The data:
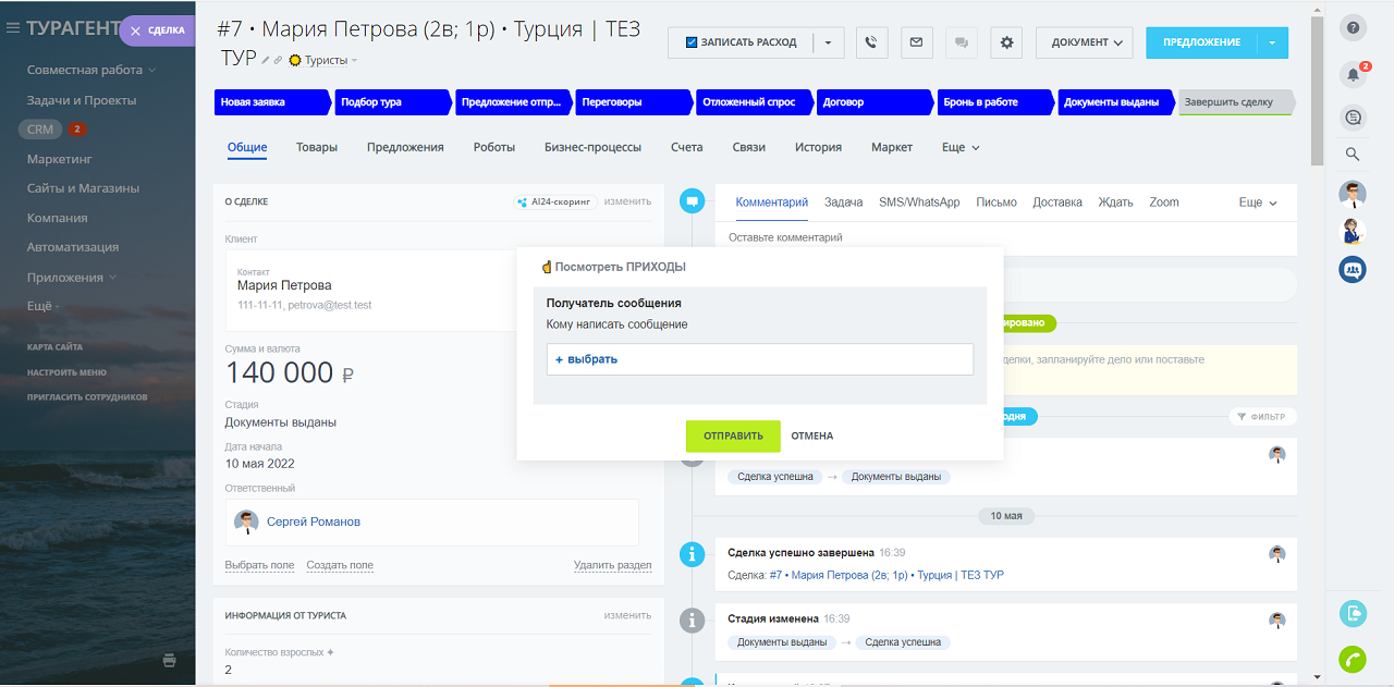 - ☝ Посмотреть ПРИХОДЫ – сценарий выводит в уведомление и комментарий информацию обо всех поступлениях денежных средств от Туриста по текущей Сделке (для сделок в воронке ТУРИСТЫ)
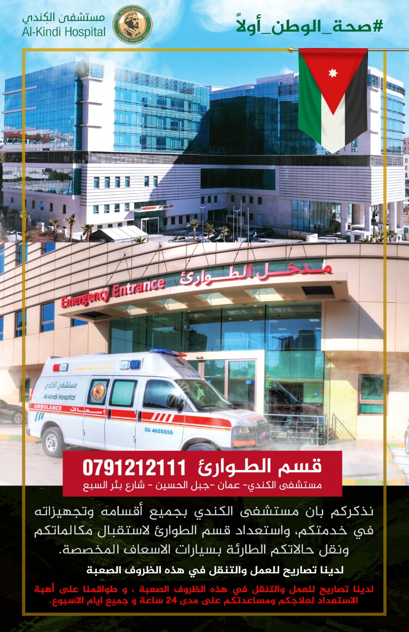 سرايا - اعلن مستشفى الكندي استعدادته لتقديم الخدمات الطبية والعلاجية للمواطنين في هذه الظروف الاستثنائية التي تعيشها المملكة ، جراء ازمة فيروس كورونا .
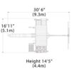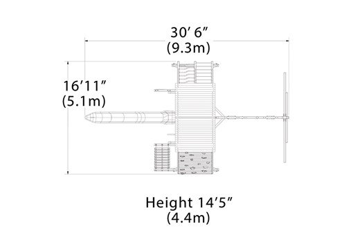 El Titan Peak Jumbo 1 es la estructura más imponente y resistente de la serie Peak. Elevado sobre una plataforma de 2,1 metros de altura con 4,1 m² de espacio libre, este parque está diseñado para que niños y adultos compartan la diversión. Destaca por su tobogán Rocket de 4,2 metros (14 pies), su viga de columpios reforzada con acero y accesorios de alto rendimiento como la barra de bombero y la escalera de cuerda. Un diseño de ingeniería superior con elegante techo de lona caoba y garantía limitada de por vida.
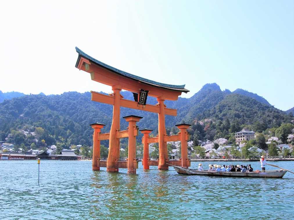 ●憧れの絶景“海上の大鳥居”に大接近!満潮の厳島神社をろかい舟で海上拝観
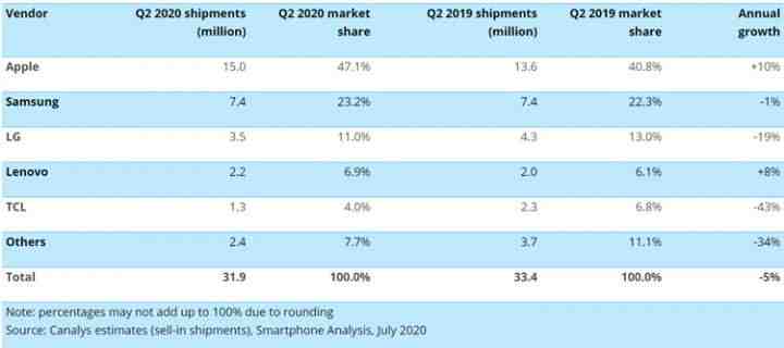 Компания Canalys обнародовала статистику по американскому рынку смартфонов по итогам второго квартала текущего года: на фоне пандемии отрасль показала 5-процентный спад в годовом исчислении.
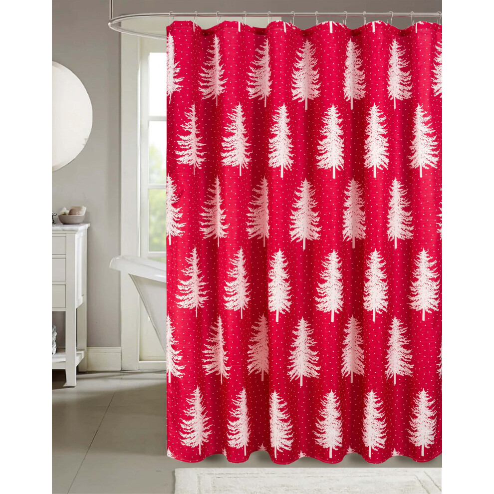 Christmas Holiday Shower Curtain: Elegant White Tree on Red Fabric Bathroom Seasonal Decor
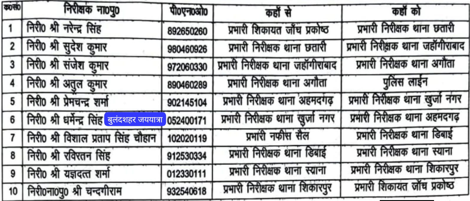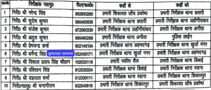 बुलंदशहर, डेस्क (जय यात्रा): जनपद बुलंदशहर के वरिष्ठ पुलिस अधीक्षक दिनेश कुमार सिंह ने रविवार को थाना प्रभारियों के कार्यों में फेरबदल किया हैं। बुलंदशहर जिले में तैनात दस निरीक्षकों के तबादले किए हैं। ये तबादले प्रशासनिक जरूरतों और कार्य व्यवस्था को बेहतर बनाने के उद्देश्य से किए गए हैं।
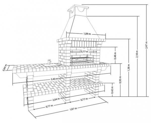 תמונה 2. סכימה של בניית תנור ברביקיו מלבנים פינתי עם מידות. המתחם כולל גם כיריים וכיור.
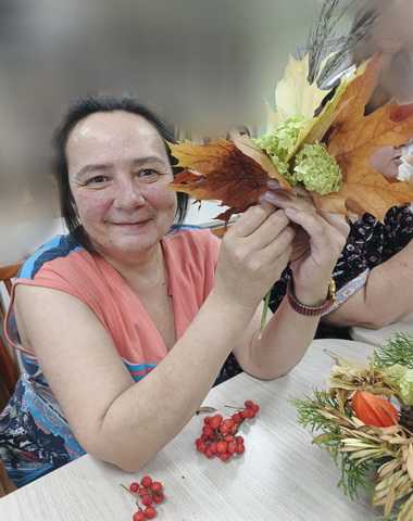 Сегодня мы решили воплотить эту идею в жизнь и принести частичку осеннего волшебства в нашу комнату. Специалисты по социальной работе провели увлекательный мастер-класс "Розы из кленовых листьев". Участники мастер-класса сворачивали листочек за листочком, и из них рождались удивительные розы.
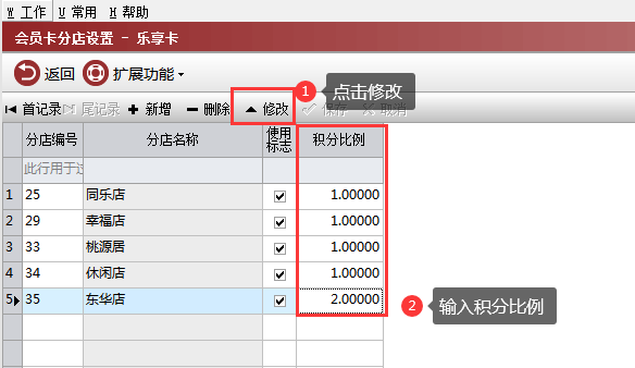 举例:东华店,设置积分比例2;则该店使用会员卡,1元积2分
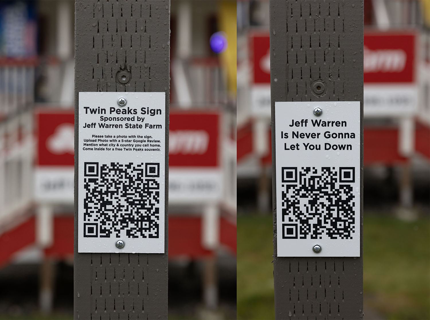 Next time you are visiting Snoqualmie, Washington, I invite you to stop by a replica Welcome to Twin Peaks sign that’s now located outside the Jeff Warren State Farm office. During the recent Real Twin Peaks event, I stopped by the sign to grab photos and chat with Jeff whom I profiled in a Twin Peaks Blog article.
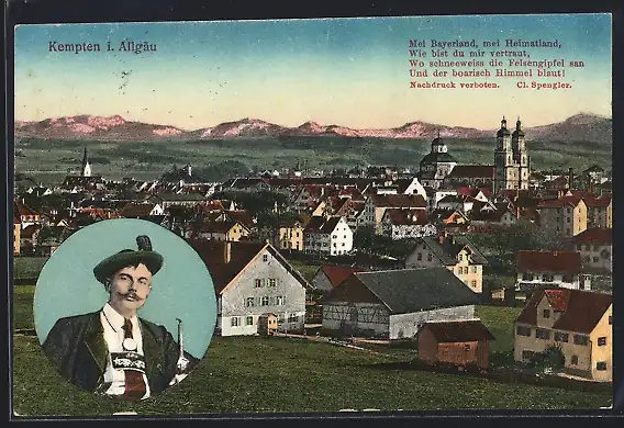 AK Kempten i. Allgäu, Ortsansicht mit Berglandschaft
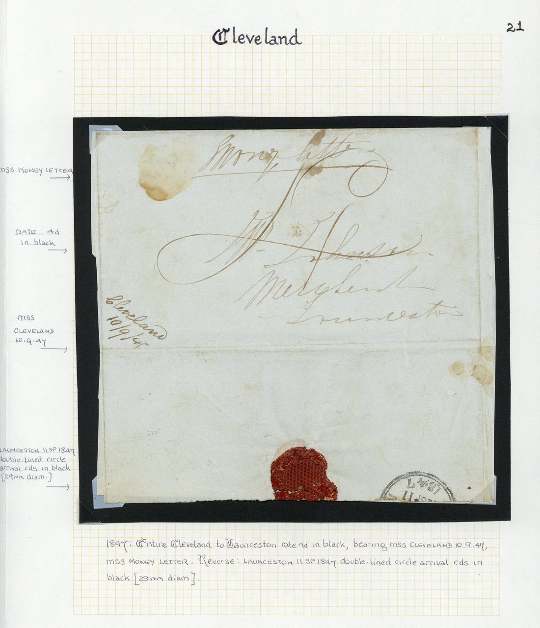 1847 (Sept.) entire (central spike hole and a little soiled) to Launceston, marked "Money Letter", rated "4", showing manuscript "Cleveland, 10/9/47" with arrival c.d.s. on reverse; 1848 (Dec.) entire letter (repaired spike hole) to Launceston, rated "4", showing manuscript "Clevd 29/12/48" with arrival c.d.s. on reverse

Your assignment: Look above and copy only the lines from the one holding "El Titan Peak" to the one holding "תמונה 2. סכימה", both included, exactly, minus the pictures.

Finished exercise:
 El Titan Peak Jumbo 1 es la estructura más imponente y resistente de la serie Peak. Elevado sobre una plataforma de 2,1 metros de altura con 4,1 m² de espacio libre, este parque está diseñado para que niños y adultos compartan la diversión. Destaca por su tobogán Rocket de 4,2 metros (14 pies), su viga de columpios reforzada con acero y accesorios de alto rendimiento como la barra de bombero y la escalera de cuerda. Un diseño de ingeniería superior con elegante techo de lona caoba y garantía limitada de por vida.
 ●憧れの絶景“海上の大鳥居”に大接近!満潮の厳島神社をろかい舟で海上拝観
 Компания Canalys обнародовала статистику по американскому рынку смартфонов по итогам второго квартала текущего года: на фоне пандемии отрасль показала 5-процентный спад в годовом исчислении.
 Christmas Holiday Shower Curtain: Elegant White Tree on Red Fabric Bathroom Seasonal Decor
 बुलंदशहर, डेस्क (जय यात्रा): जनपद बुलंदशहर के वरिष्ठ पुलिस अधीक्षक दिनेश कुमार सिंह ने रविवार को थाना प्रभारियों के कार्यों में फेरबदल किया हैं। बुलंदशहर जिले में तैनात दस निरीक्षकों के तबादले किए हैं। ये तबादले प्रशासनिक जरूरतों और कार्य व्यवस्था को बेहतर बनाने के उद्देश्य से किए गए हैं।
 תמונה 2. סכימה של בניית תנור ברביקיו מלבנים פינתי עם מידות. המתחם כולל גם כיריים וכיור.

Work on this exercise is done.